Nine states already allow these agencies to refuse adoptions to gay families: Alabama, Mississippi, Michigan, North Dakota, South Dakota, Texas, Virginia, Kansas and Oklahoma

Multiple state courts have already seen challenges to these laws, which could eventually go all the way to the Supreme Court.

Of those cases, Reuters reports:

Advocates for gay, bisexual and transgender people sued in Michigan last year over that state’s restrictions, imposed in 2015, while a sweeping law passed in Mississippi a year later has already survived one legal challenge.

Separately, Catholic Social Services in Philadelphia sued the city last month after municipal officials stopped placing children with the group, part of the city’s Roman Catholic archdiocese, over its religious objections to gay marriage.
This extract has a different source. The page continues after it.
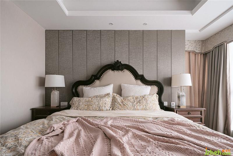 夫妻俩的卧室用了经典的卡其色系色搭配深色的木质美式床,颜色很好地相互衬托。

Although this week’s Masterpiece Cakeshop v. Colorado Civil Rights Commission decision was on narrow grounds, it’s giving ammunition to right-wing groups in the adoption fight.

Matt Sharp, a lawyer who represented the owner of Masterpiece Cakeshop, told Reuters, “In my experience, a lot of the rhetoric being tossed around to justify why (private) agencies shouldn’t be given (government) contracts has been that they are ‘religious bigots,’ a lot of the same language directed against Jack,” Sharp said, meaning Jack Phillips, the owner of Masterpiece Cakeshop. “That type of hostility is not permissible.”

This means that opponents of adoption by gay persons could argue that forcing private agencies to allow gay couples to adopt or even foster children would constitute religious discrimination.